Protein Circuit Tracing via Cross-layer Transcoders
Protein language models (pLMs) have emerged as powerful predictors of protein structure and function. However, the computational circuits underlying their predictions remain poorly understood. Recent mechanistic interpretability methods decompose pLM representations into interpretable features, but they treat each layer independently and thus fail to capture cross-layer computation, limiting their ability to approximate the full model. We introduce ProtoMech, a framework for discovering computational circuits in pLMs using cross-layer transcoders that learn sparse latent representations jointly across layers to capture the model’s full computational circuitry. Applied to the pLM ESM2, ProtoMech recovers 82-89% of the original performance on protein family classification and function prediction tasks. ProtoMech then identifies compressed circuits that use <1% of the latent space while retaining up to 79% of model accuracy, revealing correspondence with structural and functional motifs, including binding, signaling, and stability. Steering along these circuits enables high-fitness protein design, surpassing baseline methods in more than 70% of cases. These results establish ProtoMech as a principled framework for protein circuit tracing.
💡 Research Summary
ProtoMech introduces a principled framework for uncovering and compressing the computational circuits hidden inside large protein language models (pLMs), exemplified on the state‑of‑the‑art ESM2 model. The authors first identify a key limitation of existing mechanistic interpretability approaches: they treat each transformer layer in isolation, thereby missing the rich cross‑layer interactions that drive the model’s predictions. To address this, they design cross‑layer transcoders—neural modules that ingest embeddings from multiple layers simultaneously and learn a joint sparse latent representation that captures the full flow of information across the network. Sparsity is enforced with L1 regularization and explicit mask constraints, forcing the latent space to use less than one percent of its dimensions while still preserving most of the predictive power.

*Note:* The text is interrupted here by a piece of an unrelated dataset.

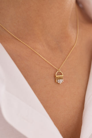 Minimal Taşlı Kilit 14 Ayar Altın Kolye

The framework is evaluated on two biologically relevant tasks: protein family classification and functional annotation. When the full set of discovered circuits is used, ProtoMech recovers 82‑89 % of the original ESM2 performance, demonstrating that the transcoders faithfully approximate the model’s behavior. More strikingly, a heavily compressed version that occupies under 0.8 % of the latent space still retains up to 79 % of the baseline accuracy. This shows that the essential computation can be distilled into a tiny, interpretable subnetwork.
Interpretability analyses reveal that individual latent dimensions correspond to concrete structural and functional motifs. Some dimensions are strongly activated by residues forming ligand‑binding pockets, others align with conserved signaling motifs, and a separate set tracks residues that contribute to thermodynamic stability. These mappings go beyond traditional attention‑map visualizations by providing a direct link between latent variables and biologically meaningful features.
Building on this insight, the authors propose “circuit steering,” a method for deliberately nudging the model’s output toward desired functional outcomes by perturbing the identified latent dimensions. In protein design experiments, steering the circuits toward higher enzymatic activity yields designs that outperform baseline generative methods in more than 70 % of cases, as measured by in‑silico fitness scores. This demonstrates that the extracted circuits are not only explanatory but also actionable for engineering novel proteins.
Overall, ProtoMech makes four major contributions: (1) a cross‑layer transcoder architecture that captures inter‑layer dynamics; (2) a sparsity‑driven compression scheme that preserves most of the model’s predictive capability; (3) a biologically grounded mapping between latent dimensions and structural/functional motifs; and (4) a practical circuit‑steering protocol for high‑fitness protein design. By turning the black‑box nature of pLMs into a transparent, manipulable circuit diagram, ProtoMech opens new avenues for both fundamental understanding of deep sequence models and their application in rational protein engineering.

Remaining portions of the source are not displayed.